Dodger lay back down. He'd been here before, and if he was here then everything must be all right.
He was on the second floor of an authentic wooden building on the dusty main street of New Austin, in the middle of the Texas disneyland. These were the medical offices of Drs. Henry Wauk, M.D., and Heinrich Wohl, D.D.S, "Quick and Relatively Painless Dentistry," according to the shingle hanging outside. He'd never met Dr. Wohl, but he'd seen Henry Wauk several times. His father had brought him in from time to time for what he thought of as "good, old-fashioned doctoring." But even John Valentine, with his ingrained suspicion of all things modern, had not subjected himself or his son to the sort of butchery that had been practiced in places like this in the 1800s. The archaic medical equipment in this room, the colorful jars of powders and elixirs, and the instruments of torture surrounding the dental chair in the other room were merely for show, as was pretty much everything in Texas. Valentine came here for checkups and physical repairs, when needed, because Henry Wauk was an old friend of his, and because Henry would do the work off the books. The Central Computer and its various legal minions held little sway in Texas, a fact that endeared the place and all the other disneylands to John Valentine. They were virtually independent states, immune to many of the intrusive regulations of the larger civilization.
"Social experiments, they call them," Valentine had said to his son, one day while they were out riding horses—real horses! Dodger had been in heaven—in the sagebrush country west of New Austin. "Living museums. They teach school the old-fashioned way in here, son. Back to basics. All the children learn to read, if you can believe that. They grow their own food, right in the dirt. They live in here, hold down jobs in here. Old jobs, like blacksmithing, and cooperage, and... and plenty of other things I don't pretend to know much about. They hold their own elections, and they don't pay taxes to Mama Luna. Misfits in here, most of them. People who weren't happy on the outside."
Dodger had thought it was odd to call the corridors of Luna "the outside," but he knew what his father meant. Here, there was the illusion of endless space, just like out on the surface. And Texas was pretty large: miles and miles, his father said.

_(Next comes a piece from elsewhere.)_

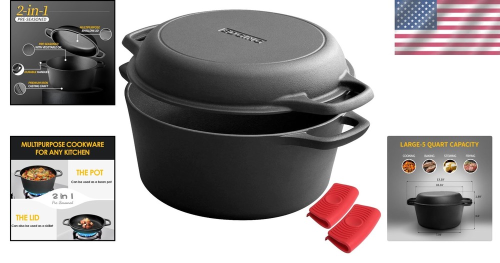 Versatile 5 Quart Cast Iron Dutch Oven with Skillet Lid for Superior Cooking ‹ › ‹ › ‹ › ‹ › ‹ › ‹ › ‹ › ‹ › ‹ › Versatile 5 Quart Cast Iron Dutch Oven with Skillet Lid Your ultimate solution for superior cooking, this 2-in-1 cast iron dutch oven is not just a kitchen tool; it’s an essential companion for culinary enthusiasts. Features: Pre-Seasoned Excellence: Each piece is burned with vegetable oil, ensuring a natural, non-stick surface without synthetic coatings or harmful chemicals. Innovative Skillet Lid: The shallow skillet doubles as a lid, providing versatile cooking options for various recipes. Convenient Transportation: Integrated sturdy loop handles on both pot and skillet ensure a safe and smooth transfer from kitchen to table. Diverse Cooking Styles: Perfect for soups, stews, baking, roasting, frying, grilling, broiling, braising, and sautéing both meats and vegetables. Care Made Easy: Hand wash in warm water, dry thoroughly on medium heat, and season with natural oils for lasting quality. Superior Heat Transfer: Crafted from cast iron, optimal heat retention and distribution enhance your cooking experience. Benefits: Achieve professional-quality meals with minimal effort. Durable and versatile for an extensive range of cooking styles. Eco-friendly and safe non-stick surface enhances your cooking performance. Easy to maintain for of reliable use. Robust construction ensures longevity and excellent performance. Why Choose Our Cast Iron Dutch Oven? Transform your cooking experience with a cast iron dutch oven that exudes quality and versatility. With its 2-in-1 design, you’re not just investing in a pot; you’re acquiring a timeless kitchen essential that will elevate your family meals. Ideal for both novice cooks and seasoned chefs, this dutch oven is designed for efficiency and performance. Say goodbye to mundane meals and embrace the rich flavors achieved through cast iron cooking. Order your Versatile 5 Quart Cast Iron Dutch Oven with Skillet Lid today, and let your culinary creativity flourish! Shipping Free & Fast Shipping - We offer free shipping to most of the USA with a normal delivery time of 3-7 days. However, due to the current situation, additional delivery time (up to 3 weeks) may be required for some items. Alternative Carriers - We may use alternative carriers (e.g. USPS, FedEx, UPS, etc.) to ensure your package arrives safely and on time. Due to the use of multiple carriers, we are unable to provide a tracking number automatically. Handling Time - Orders are processed and shipped within 1-2 business days of receiving cleared payment. Shipping Restrictions - Shipping to Alaska, Hawaii, Puerto Rico, Guam, and other US territories may incur shipping charges or delivery restrictions. Please contact us before ordering, or your order can be refunded/cancelled. State Restrictions - There may be restrictions based on your state of purchase. For example, certain items may not be shipped to California due to state regulations. Contact for Tracking Updates - If you require tracking updates or have any concerns about the delivery of your order, please feel free to contact us, and we will be happy to assist you. Return 30-Day Hassle-Free Returns - We want you to be completely satisfied with your purchase. If you are not, you can return the item within 30 days of receiving it for a full refund or exchange. Easy Return Process - To start a return, simply contact us and we will provide you with a prepaid return shipping label and detailed instructions. Restocking Fee - There are no restocking fees for returns. However, the buyer is responsible for return shipping costs if the return is not due to a seller's error. Refund Processing Time - Refunds will be processed within 5 business days of receiving the returned item in its condition. Payment We accept all major credit cards, PayPal, and Apple Pay for your convenience. Your payment information is secure and encrypted to ensure a safe and seamless transaction. Please complete your payment within 3 days of purchase to avoid any delays in shipping. Feedback Your feedback is extremely important to us. We strive to provide the best products and customer service possible. If you are satisfied with your purchase, please take a moment to leave us a positive review. If you have any concerns or issues with your order, please contact us before leaving negative feedback. We are committed to resolving any problems and ensuring your satisfaction. Contact Us If you have any questions or concerns, please feel free to out to our customer support team. You can contact us through the eBay messaging system. We are available Monday to Friday, 9:00 am to 5:00 pm EST, and we will do our best to respond to your inquiry within 24 hours. Buy it now and enjoy a pleasant shopping experience! Capacity: 5 Quarts Item Diameter: 13 inch Item Height: 11.68 Centimeters Item Weight: 13.63 pounds Heat Resistance: 500 degrees Fahrenheit Item Depth: 6.4 inches Unit Quantity: 1 Stove Type Compatibility: Electric,Gas,Induction Set Includes: Lid,Cast Iron Dutch Oven,Skillet Material: Cast Iron Features: Easy Clean,Easy to Clean,Oven-Safe,With Lid,Not Dishwasher Safe Type of Oven: Electric,Gas,Induction Type: Dutch Oven Color: Black Surface Coating: Pre-Seasoned Shape: Round Number of Items in Set: Single Item

"Doctor" Wauk was one of the
misfits. His was no general anomie or existential despair, however. Wauk was what would have been called, in early Texas, a dipsomaniac. He had a fondness for the bottle that he was not willing to be cured of. It had made a disaster of his acting career, and he had finally accepted a part that was to be lived, instead of performed: that of the alcoholic sawbones beloved of old black-and-white westerns.
While Wauk did dispense patent remedies and salves and powders for a few ailments, all the real medical care was accomplished by a perfectly ordinary Medico machine concealed in a closet. More complex work was referred to a normal facility outside the disneyland. Wauk had been given the bare minimum of training to operate the Medico. "After all," as he'd told John Valentine, "it ain't like doctorin' is rocket science, or anything."
Dodger thought he could hear voices from the next room. He rolled out of bed and crept carefully to the door, pressed his ear against it. If he held his breath he could hear his father and Dr. Wauk talking, but he could only get every other word. He looked around and found an antique stethoscope in a drawer. He put the rubber tips in his ears and pressed the metal disk on the end to the wooden door, and the sounds became as clear as a telephone.
"Look, Henry," his father said. "We're rolling in cash. I want you to take this. Please. It would make me feel better."
"Just my normal fee will be sufficient, John," said the doctor.
"Come on. As a favor to me."
"Right at this moment, my old friend, I'm not inclined to do any favors for you beyond the one I just done. No, sir, and I don't think I have much interest in makin' you feel any better, either. In fact, I think I just done you the last favor I'm ever goin' to do you."